– Не знаю. Ничего. Наверное, я к этому слеп.
Он продолжал напирать:
– Ты видел какой-то дефект, который мгновенно вызывает у других ненависть и ярость?
– Мы с отцом провели много часов, пытаясь докопаться до причины, но в итоге решили, что нам этого знать не дано. В наших лицах, особенно в глазах, даже в наших руках, есть нечто такое, что другие люди видят при первом взгляде на нас, но мы это нечто не видим. Множество людей подаются назад, увидев паука, так? Но если бы пауки обладали разумом, они бы понятия не имели, почему их так часто ненавидят, поскольку друг другу пауки кажутся очень даже привлекательными.
– Ты близок к истине, но таких, как ты, нельзя сравнивать с пауками. – Он подошел ко мне, встал передо мной, но не поднял голову. Взял одну из моих затянутых в перчатки рук в свои. – Человек, которого ты называл отцом, рассказал мне о твоем прибытии в этот мир. Твой биологический отец был бестолковым, безответственным, возможно, даже преступником, ты никогда его не знал. И за твоей матерью числилось много грехов, но что-то человеческое в ней оставалось. Ты родился от мужчины и женщины, как все мы, но с одним ключевым отличием. И родился ты с ним, возможно, потому, что мир движется к тому времени, когда понадобятся такие, как ты.
– С каким отличием? – спросил я, затаив дыхание в ожидании ответа. Я знал, что это отличие очертило всю мою жизнь и превратило в изгоя, пусть и понятия не имел, в чем оно состоит. В этом загадочном мире главной загадкой моей жизни был я сам.
– Рожденный от мужчины и женщины, ты тем не менее не потомок Адама и Евы, каким не был и твой второй и лучший отец. Милостью Божьей, как такое возможно, выше моего понимания, да и, скорее всего, понимания любого, ты не несешь на себе пятно первородного греха. Ты обладаешь чистотой, невинностью, которую все остальные чувствуют мгновенно, точно так же, как волк – запах зайца.
Я начал возражать, что никакой невинности нет, но он сжал мне руку и покачал головой, останавливая меня.

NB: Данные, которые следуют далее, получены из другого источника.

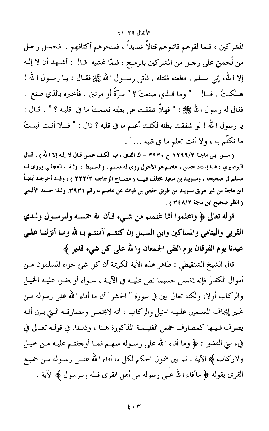 قوله تعالى (واعلموا أنما غنمتم من شيء فإن لله خمسه وللرسول ولذي القربى واليتامى والمساكين وابن السبيل إن كنتم آمنتم بالله وما أنزلنا على عبدنا يوم الفرقان يوم التقى الجمعان والله على كل شيء قدير)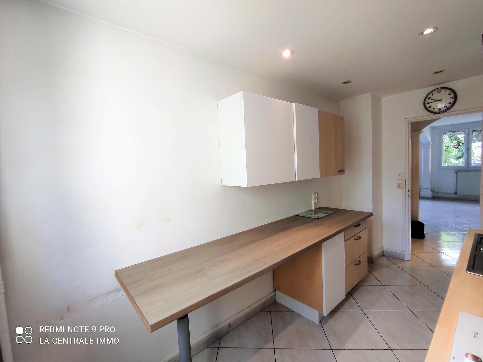 En rez-de-chaussée surélevé et traversant, il se compose d’un hall d’entrée avec placard, d’un grand séjour double de 28m² très lumineux ouvrant sur une loggia fermée côté jardin, d’une cuisine aménagée et équipée (plaque de cuisson gaz, four, hotte) avec un cellier attenant, de deux chambres dont une avec placard, d’une salle d’eau, de WC séparés, d’un dressing et d’une cave.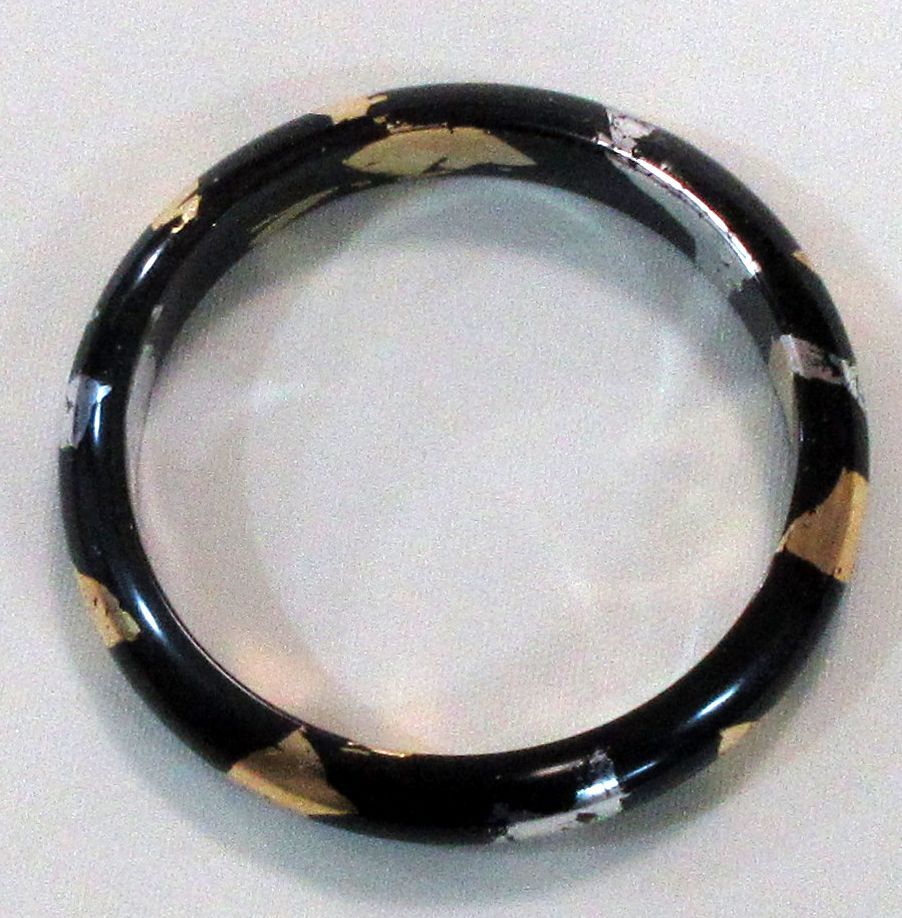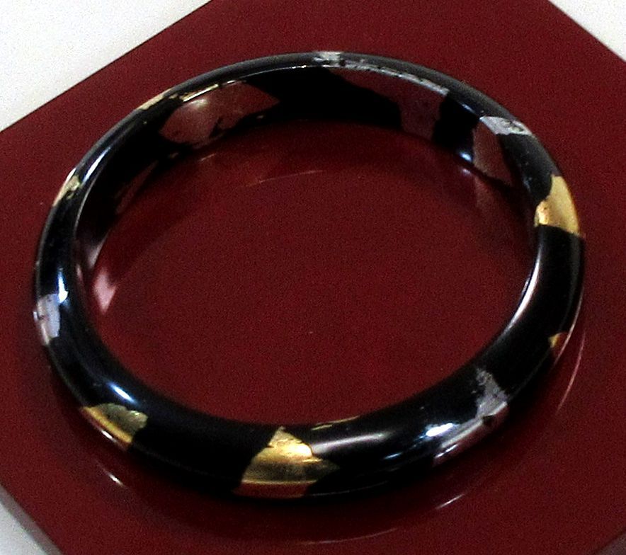 ★手描き蒔絵★会津塗 木製漆塗 ブレスレット 蒲鉾型 黒塗 ★送料無料 | |||
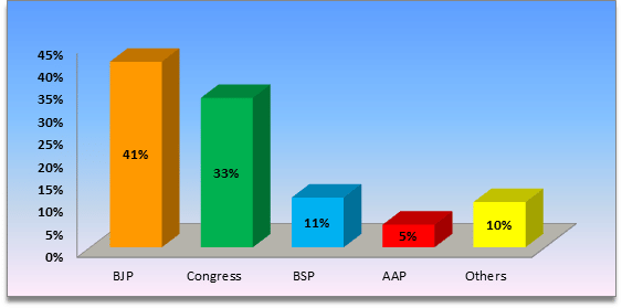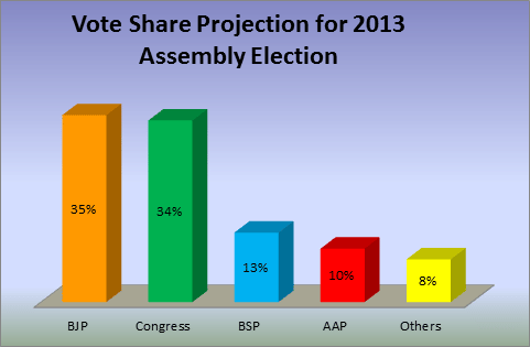 *BJP largely retaining its core vote but the party vote share is likely to decline to 34% from 35.14%.The party is gaining 10 seats compared to 2008.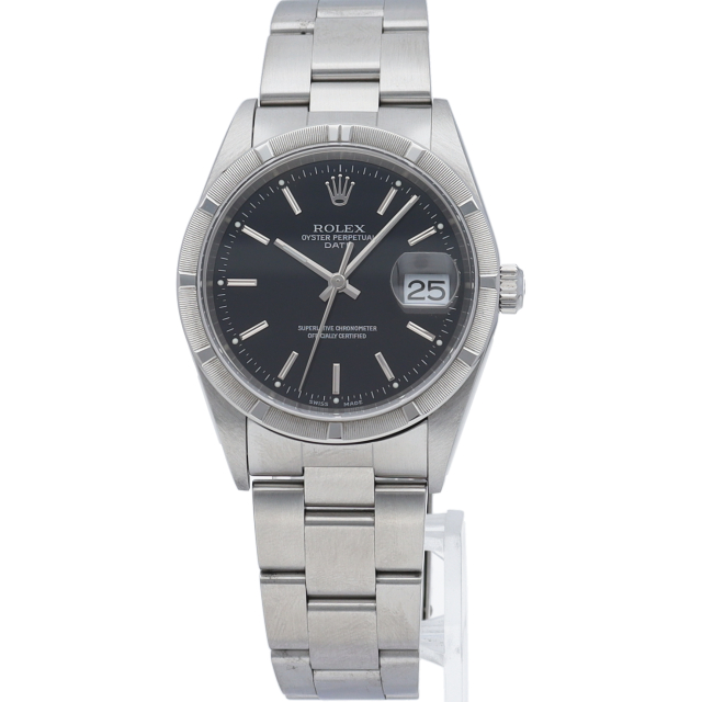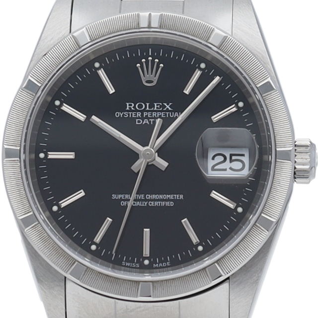 ロレックスのデイリーウォッチとして人気の「オイスターパーペチュアルデイト」。ビジネスからカジュアルまでスタイルを選ばないデザインが魅力です。エンジンターンド ベゼル。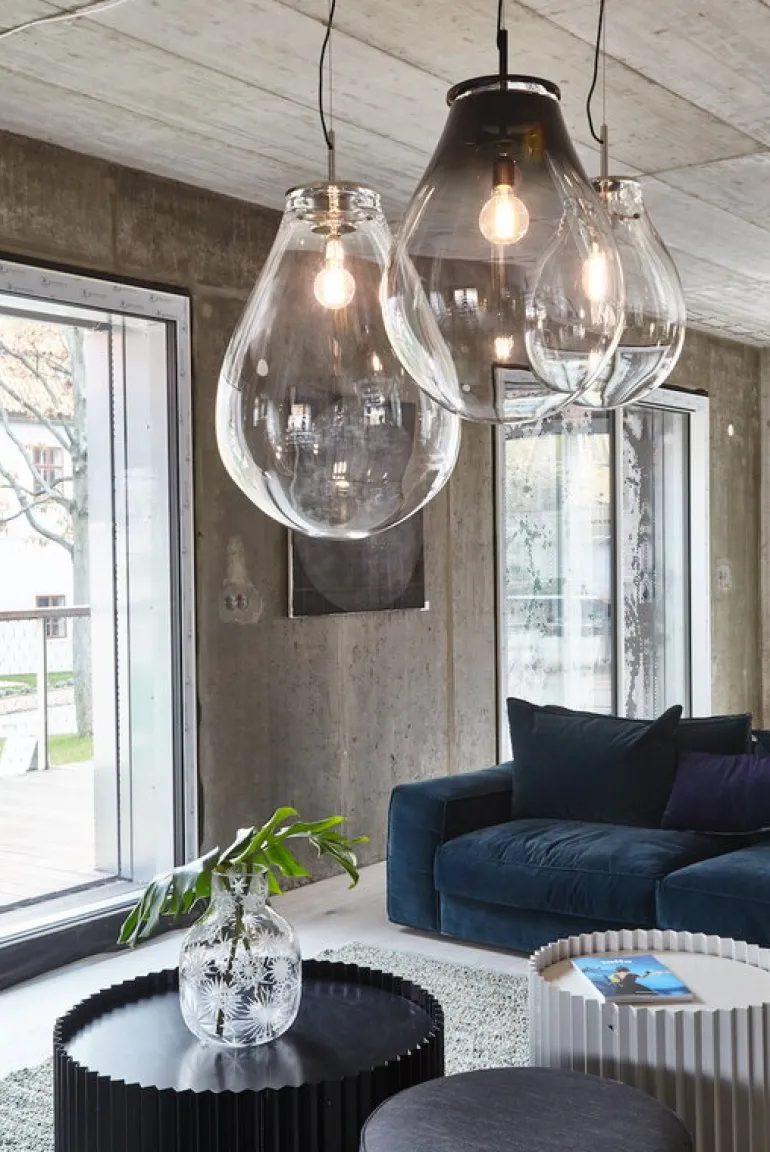 Bommas pendellampa Tim fångar blicken med sin slående enkelhet och djärva närvaro. Den överdimensionerade formen, kontrasterad med en liten glödlampa, skapar en fängslande visuell balans, som ytterligare förstärks av de silverfärgade stålinslagen som ger djup och harmoniska detaljer. Hantverket bakom den munblåsta kristallglaset framhäver den otroliga skicklighet och precision som krävts för att uppnå en så till synes enkel design. Oavsett om den visas upp på egen hand eller som en del av en glittrande klunga, så lyser pendellampan Tim upp som en fantastisk fokuspunkt i alla interiörer.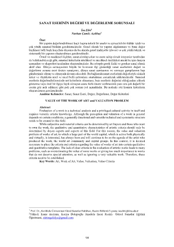 Anahtar Kelimeler: Sanat, Sanat Eseri, Değer, Değerleme, Değer Kriterleri

– Аддисон, я боюсь смотреть на тебя, как не боялся ничего в своей жизни. Потому что вижу не только тебя, но и кто есть ты, и кто – я. Когда я смотрю на тебя, я заглядываю в себя и вижу все грехи моей жизни в ярком калейдоскопе моментов прошлого, и столько грехов мне не вспомнить за всю жизнь, с пристрастием допрашивая собственную совесть. Когда я смотрю на тебя, я вижу, каким бы я мог быть, и я знаю, что я не тот, каким быть должен, и передо мной выстраиваются все ситуации моей жизни, в которых я поступил неправильно, не проявил доброты, причинил боль, солгал или позволил себе непристойную мысль. Все это открывается мне вместе и в одно мгновение.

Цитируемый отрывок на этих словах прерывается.